A multicentre prospective randomised intervention study to investigate computer assisted total knee arthroplasty (TKA) in severe knees.

Effects of kinematic based navigation systems on accuracy and precision in TKA
have been previously provided by a number of publications (1-6) as well as the
International Multicenter Clinical Study 2002-2005, hereafter named PART1.
PART1 addressed patients suffering from knee arthritis without severe
deformities such as axis deviation or bony inconsistencies. These patients
provide the majority of TKA-patients and may profit from use of kinematic based
navigation systems with a reduced risk of component misalignment.
However, a large number of patients requiring TKA are subject of anatomical
deformities, such as gross axis misalignment or bone defects after trauma or
previous surgeries. These patients represent a group with less success of TKA
compared to the non-deformity patients. In general, surgeons recognize such
deformities as highly difficult.

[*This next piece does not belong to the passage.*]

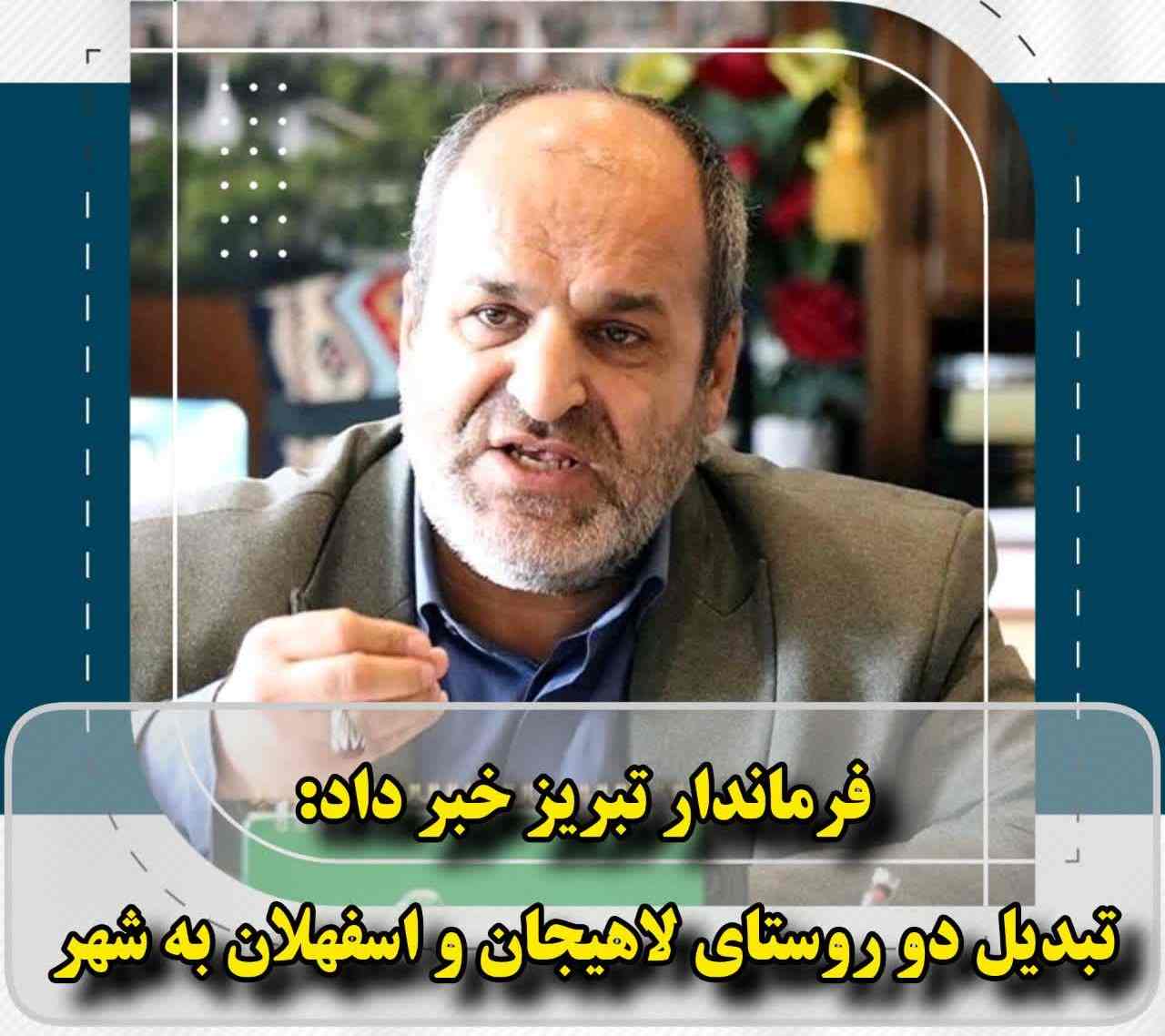 فرماندار شهرستان تبریز خبر داد: تبدیل دو روستای لاهیجان و اسفهلان به شهر

Additionally, some deformities, for example
the bowed femur, represent cases, where the classic intramedullary alignment
rod and jigs cannot be used properly.
These patients may profit even more from new technologies of three-dimensional
axis alignment, such as kinematic navigation tools. Consequently, the role of
severe knee deformity on TKA-outcome with and without navigation tools should
be addressed.
Up to today there are no published studies regarding this matter. This may be
due to the fact that severe knee deformities represent a relatively
inhomogeneous population. Thus, single centre studies will lack substantial
patient numbers needed for statistical power.
To overcome these problems, a multicentre study with a jointly used
randomization list is proposed.
The Stryker Knee Navigation System used in this study is a non-imaged based
navigation system developed by Stryker Leibinger with Software 3.1 or higher.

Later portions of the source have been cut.